A ChromVAR enrichment score for the CD112-High epigenetic signature [11] in the indicated populations from TooManyCells. B UMAP representation based on both RNA-Seq and ATAC-Seq for each of the CD34 + CD38- OCI-AML22 cells that passed QC. Cells are colored based on the cell cycle phase they were allocated to using Seurat cell cycle signature [47]. C GSEA across B3-CD112High and B1/2-CD112Low for LSPC-Cycle Top 250 signature [33], Tirosh cell cycle signature [47] and the Diapause Down in colon cancer signature [49]. D Experimental scheme. OCI-AML22 CD34 + CD38- fraction was sorted based on CD112 expression level then stained for CDK6, Ki-67 and Hoechst to determine the percentage of cells in G0 (Hoechst^LowKi67-) (E) or the deepest quiescent cells Ki67-CDK6- cells (F) (n = 5 individual cultures, 3 different times points). Representative FACS plots are disclosed for each condition on the right (E, F). The LSC+fraction from functionally assessed primary AML samples was sorted based on CD112 expression level (top 20% :CD112-High, bottom 20% :CD112-Low) then stained for CDK6, Ki67 and Hoechst to determine the percentage of cells in G0 (Hoechst^LowKi67-)(G) or the deepest quiescent cells in G0 (Ki67-CDK6-) cells (H). FACS plots are disclosed for each condition for each patient sample (G, H).
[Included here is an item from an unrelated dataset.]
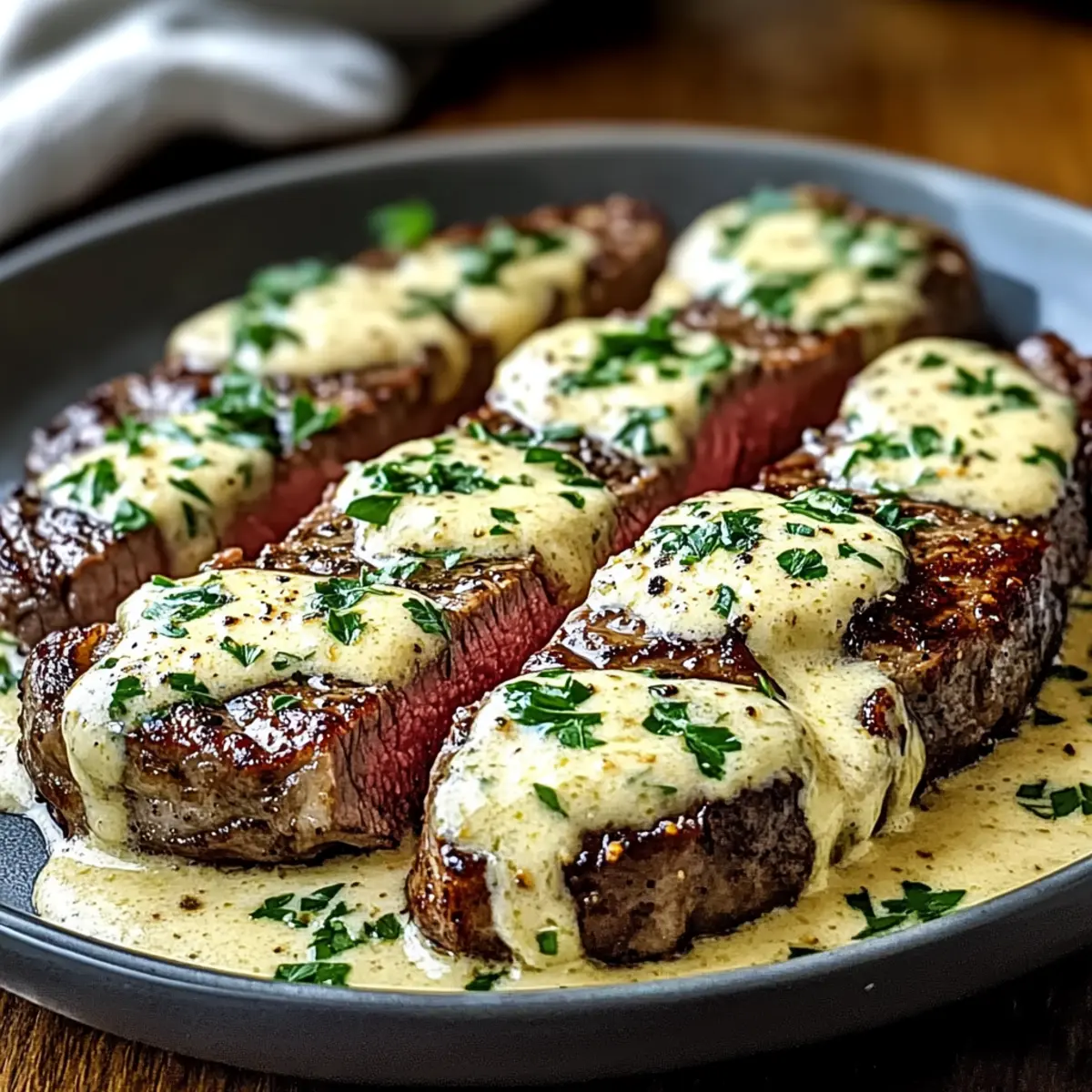 Slice the rested steaks against the grain and arrange them on plates. Drizzle the luscious Parmesan cream sauce generously over each serving, ensuring an inviting presentation. Finish with a sprinkle of fresh parsley for a touch of color, and impress everyone with your home-cooked gourmet masterpiece.

Fig. 6. Prospectively isolated LSC subtypes preserve their distinct differentiation potentials throughout serial repopulation assays.
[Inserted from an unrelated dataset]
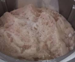 500gr Mehl in den Mixtopf und eine Mulde bilden. Hefemilch Maße reingeben, Deckel drauf und 15min etwas aufgehen lassen.

A Experimental in vivo scheme. B Engraftment level 8 weeks after injection of 10,000 OCI-AML22 cells in NSG mice sorted as indicated on (A). C Experimental in vivo strategy for secondary experiment and representative FACS plots for each condition based on CD34 and CD38 among the CD45 + 7AAD- engrafted population. D Experimental scheme for the secondary in vivo assay. E Percentage of CD34/CD38 cells of secondary grafts generated after injection of 10,000 CD34 + CD38- cells CD112 High or CD112 Low, then sorted for CD34 + CD38- without additional selection for CD112, as indicated in (D). Mann–Whitney test, n = 9 mice. GSVA score for signatures of cytarabine sensitivity (F, G) or colon cancer stem cell sensitivity (H) was calculated on LSC+ fractions identified as being part of B1/2-LSC+ cluster or on LSC+ fractions identified as being part of B3-LSC+ cluster from Fig. 2A, B. I, J CD112 High and CD112 Low OCI-AML22 CD34 + CD38- were sorted and treated with cytarabine for 24 h at the indicated dose. Representative curve is represented (n = 1) (I) and significance is calculated at the 5 μM dose (n = 5, paired Mann–Whitney test) (J). GSVA for B1/2 or B3 signatures was calculated across TCGA (K) or GSE6891 cohorts (L). survival curves were plotted for patients enriched for B1/2 signature only (yellow curve) or enriched for B3 signature only (red curve). M Summary scheme.